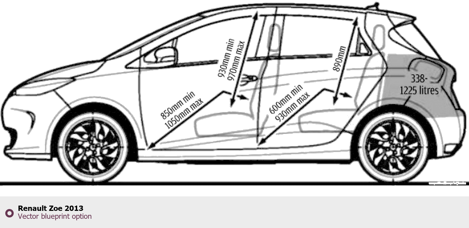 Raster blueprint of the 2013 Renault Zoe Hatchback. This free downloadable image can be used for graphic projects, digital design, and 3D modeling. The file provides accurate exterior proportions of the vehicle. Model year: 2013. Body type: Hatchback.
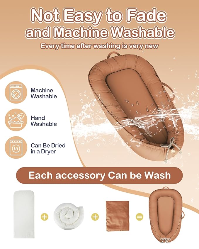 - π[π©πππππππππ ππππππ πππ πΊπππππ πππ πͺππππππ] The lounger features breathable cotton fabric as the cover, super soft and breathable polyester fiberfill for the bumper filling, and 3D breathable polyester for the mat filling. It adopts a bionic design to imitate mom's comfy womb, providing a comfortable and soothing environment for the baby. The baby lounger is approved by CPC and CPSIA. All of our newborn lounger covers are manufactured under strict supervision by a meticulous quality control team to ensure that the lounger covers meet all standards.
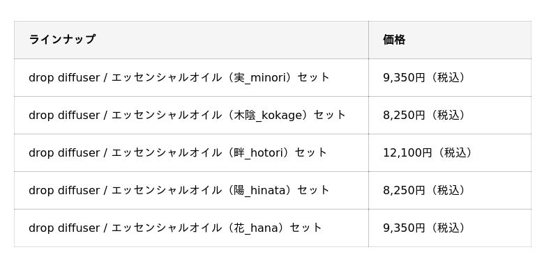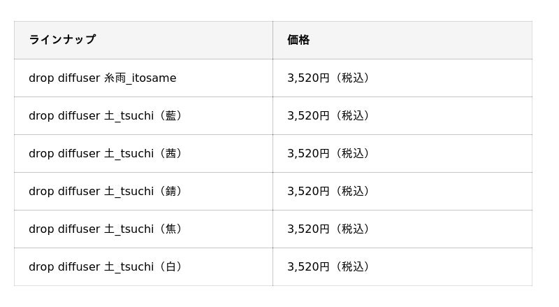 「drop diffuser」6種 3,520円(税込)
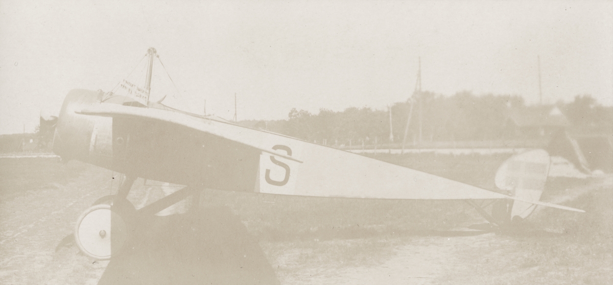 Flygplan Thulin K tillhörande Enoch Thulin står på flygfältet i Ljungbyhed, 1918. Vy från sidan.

---

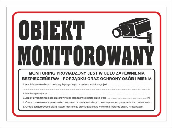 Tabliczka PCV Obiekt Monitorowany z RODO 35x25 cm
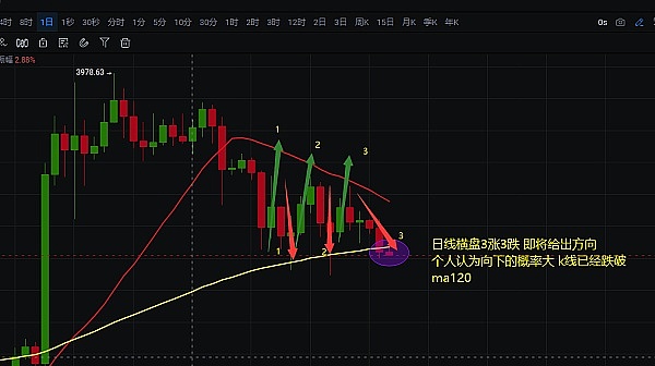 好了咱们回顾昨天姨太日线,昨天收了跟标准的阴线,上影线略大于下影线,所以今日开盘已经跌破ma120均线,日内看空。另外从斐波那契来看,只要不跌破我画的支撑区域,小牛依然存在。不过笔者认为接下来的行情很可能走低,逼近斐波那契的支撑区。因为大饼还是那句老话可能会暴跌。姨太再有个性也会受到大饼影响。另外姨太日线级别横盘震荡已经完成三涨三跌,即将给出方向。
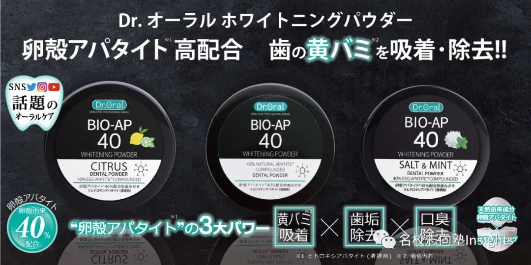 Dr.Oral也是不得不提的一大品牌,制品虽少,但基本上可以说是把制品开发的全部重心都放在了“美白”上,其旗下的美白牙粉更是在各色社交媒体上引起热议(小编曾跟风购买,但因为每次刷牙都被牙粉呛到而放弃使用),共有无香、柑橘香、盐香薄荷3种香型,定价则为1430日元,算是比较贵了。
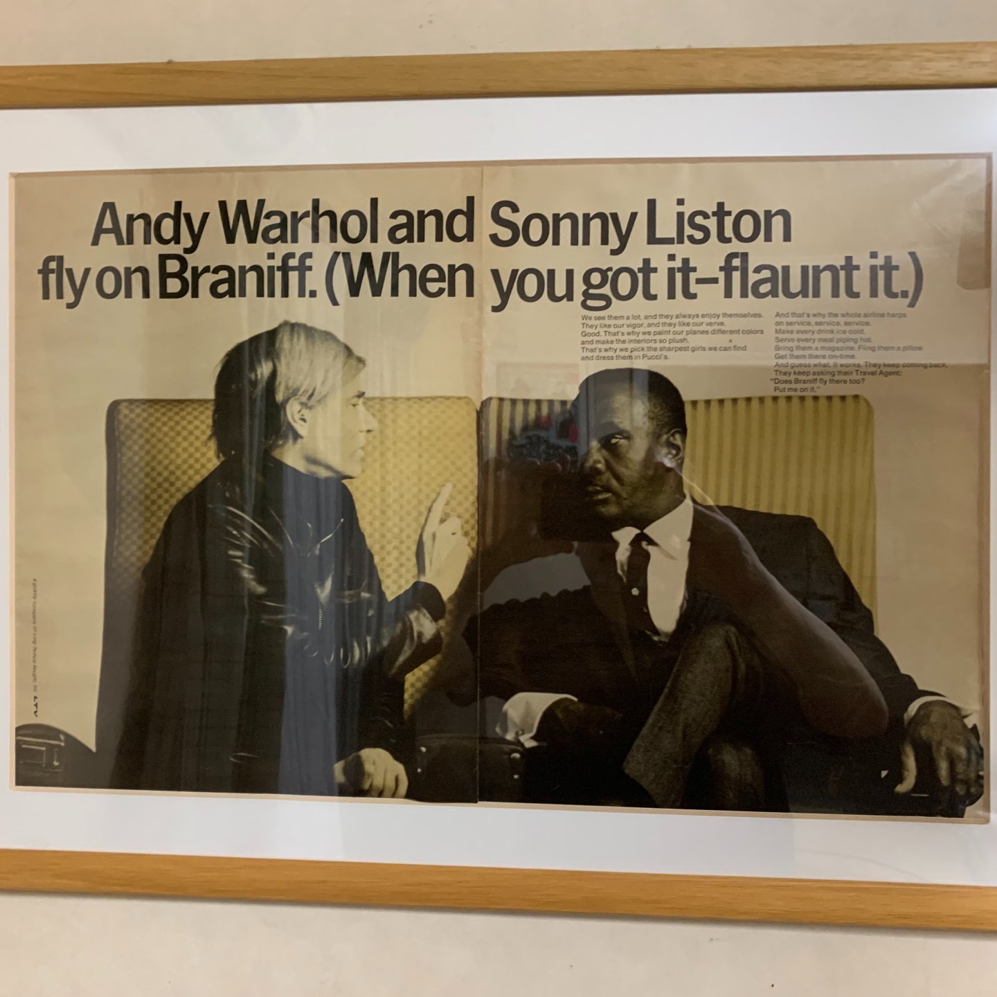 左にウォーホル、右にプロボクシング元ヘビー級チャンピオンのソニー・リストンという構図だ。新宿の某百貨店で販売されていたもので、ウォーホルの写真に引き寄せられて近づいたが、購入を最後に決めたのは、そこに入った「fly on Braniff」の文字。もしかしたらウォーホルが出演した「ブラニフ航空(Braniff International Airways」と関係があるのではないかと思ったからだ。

» **WHAT THE TASK ASKS**: The copy should hold exactly the lines above from the one with "Raster blueprint of" through the one with "Flygplan Thulin K", both ends counted, and no pictures at all.

» **REPLY TO THE EXERCISE**:
 Raster blueprint of the 2013 Renault Zoe Hatchback. This free downloadable image can be used for graphic projects, digital design, and 3D modeling. The file provides accurate exterior proportions of the vehicle. Model year: 2013. Body type: Hatchback.
 - π[π©πππππππππ ππππππ πππ πΊπππππ πππ πͺππππππ] The lounger features breathable cotton fabric as the cover, super soft and breathable polyester fiberfill for the bumper filling, and 3D breathable polyester for the mat filling. It adopts a bionic design to imitate mom's comfy womb, providing a comfortable and soothing environment for the baby. The baby lounger is approved by CPC and CPSIA. All of our newborn lounger covers are manufactured under strict supervision by a meticulous quality control team to ensure that the lounger covers meet all standards.
 「drop diffuser」6種 3,520円(税込)
 Flygplan Thulin K tillhörande Enoch Thulin står på flygfältet i Ljungbyhed, 1918. Vy från sidan.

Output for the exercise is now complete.